▸ Exercise instructions
Give back exactly the lines of the data below, starting with the line that has "We study the" and going on through the line that has "شهر سبتمبر الجاري.".

▸ The data
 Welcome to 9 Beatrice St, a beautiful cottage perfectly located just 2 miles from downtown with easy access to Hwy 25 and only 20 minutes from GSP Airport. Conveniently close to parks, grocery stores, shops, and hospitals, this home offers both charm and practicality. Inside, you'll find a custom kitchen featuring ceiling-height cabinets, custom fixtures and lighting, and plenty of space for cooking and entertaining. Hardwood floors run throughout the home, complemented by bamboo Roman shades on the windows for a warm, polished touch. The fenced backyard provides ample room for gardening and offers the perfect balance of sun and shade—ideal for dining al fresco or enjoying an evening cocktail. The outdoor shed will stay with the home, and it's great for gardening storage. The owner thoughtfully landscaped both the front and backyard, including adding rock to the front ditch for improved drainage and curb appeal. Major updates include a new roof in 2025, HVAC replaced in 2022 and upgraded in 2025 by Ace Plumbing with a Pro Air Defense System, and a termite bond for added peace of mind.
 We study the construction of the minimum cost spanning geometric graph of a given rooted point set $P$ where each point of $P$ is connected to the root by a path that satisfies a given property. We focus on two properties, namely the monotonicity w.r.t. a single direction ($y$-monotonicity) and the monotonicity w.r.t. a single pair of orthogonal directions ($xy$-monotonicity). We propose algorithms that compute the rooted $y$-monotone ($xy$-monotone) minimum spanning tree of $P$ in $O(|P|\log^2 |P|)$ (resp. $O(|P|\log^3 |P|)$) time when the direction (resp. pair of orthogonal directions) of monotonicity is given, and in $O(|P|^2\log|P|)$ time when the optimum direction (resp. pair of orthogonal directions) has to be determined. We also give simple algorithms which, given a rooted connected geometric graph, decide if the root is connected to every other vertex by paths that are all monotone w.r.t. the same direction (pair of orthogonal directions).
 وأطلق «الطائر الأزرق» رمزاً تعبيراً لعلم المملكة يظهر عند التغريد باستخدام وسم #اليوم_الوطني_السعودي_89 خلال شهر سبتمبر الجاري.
--
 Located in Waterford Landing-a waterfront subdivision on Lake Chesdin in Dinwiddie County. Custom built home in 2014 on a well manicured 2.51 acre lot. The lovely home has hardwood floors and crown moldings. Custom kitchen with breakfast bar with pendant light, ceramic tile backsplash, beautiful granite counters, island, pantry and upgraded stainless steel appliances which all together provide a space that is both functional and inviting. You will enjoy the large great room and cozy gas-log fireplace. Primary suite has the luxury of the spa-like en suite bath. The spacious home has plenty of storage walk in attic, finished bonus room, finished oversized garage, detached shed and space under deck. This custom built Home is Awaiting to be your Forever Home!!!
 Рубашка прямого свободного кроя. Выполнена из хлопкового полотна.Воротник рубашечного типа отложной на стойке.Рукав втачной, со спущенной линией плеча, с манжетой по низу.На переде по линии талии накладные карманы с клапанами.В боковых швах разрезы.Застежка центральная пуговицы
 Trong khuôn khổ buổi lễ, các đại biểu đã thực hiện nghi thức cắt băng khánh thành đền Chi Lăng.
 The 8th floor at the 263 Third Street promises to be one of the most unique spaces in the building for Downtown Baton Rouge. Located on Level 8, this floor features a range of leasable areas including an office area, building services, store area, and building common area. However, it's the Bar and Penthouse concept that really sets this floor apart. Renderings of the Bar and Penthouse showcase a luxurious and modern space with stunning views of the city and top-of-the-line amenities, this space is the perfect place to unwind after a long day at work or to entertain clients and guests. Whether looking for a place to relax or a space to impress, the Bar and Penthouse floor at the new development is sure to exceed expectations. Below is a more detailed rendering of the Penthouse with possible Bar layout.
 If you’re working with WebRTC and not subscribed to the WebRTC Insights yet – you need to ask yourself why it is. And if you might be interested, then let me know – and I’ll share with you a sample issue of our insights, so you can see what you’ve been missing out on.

▸ Exercise answer
 We study the construction of the minimum cost spanning geometric graph of a given rooted point set $P$ where each point of $P$ is connected to the root by a path that satisfies a given property. We focus on two properties, namely the monotonicity w.r.t. a single direction ($y$-monotonicity) and the monotonicity w.r.t. a single pair of orthogonal directions ($xy$-monotonicity). We propose algorithms that compute the rooted $y$-monotone ($xy$-monotone) minimum spanning tree of $P$ in $O(|P|\log^2 |P|)$ (resp. $O(|P|\log^3 |P|)$) time when the direction (resp. pair of orthogonal directions) of monotonicity is given, and in $O(|P|^2\log|P|)$ time when the optimum direction (resp. pair of orthogonal directions) has to be determined. We also give simple algorithms which, given a rooted connected geometric graph, decide if the root is connected to every other vertex by paths that are all monotone w.r.t. the same direction (pair of orthogonal directions).
 وأطلق «الطائر الأزرق» رمزاً تعبيراً لعلم المملكة يظهر عند التغريد باستخدام وسم #اليوم_الوطني_السعودي_89 خلال شهر سبتمبر الجاري.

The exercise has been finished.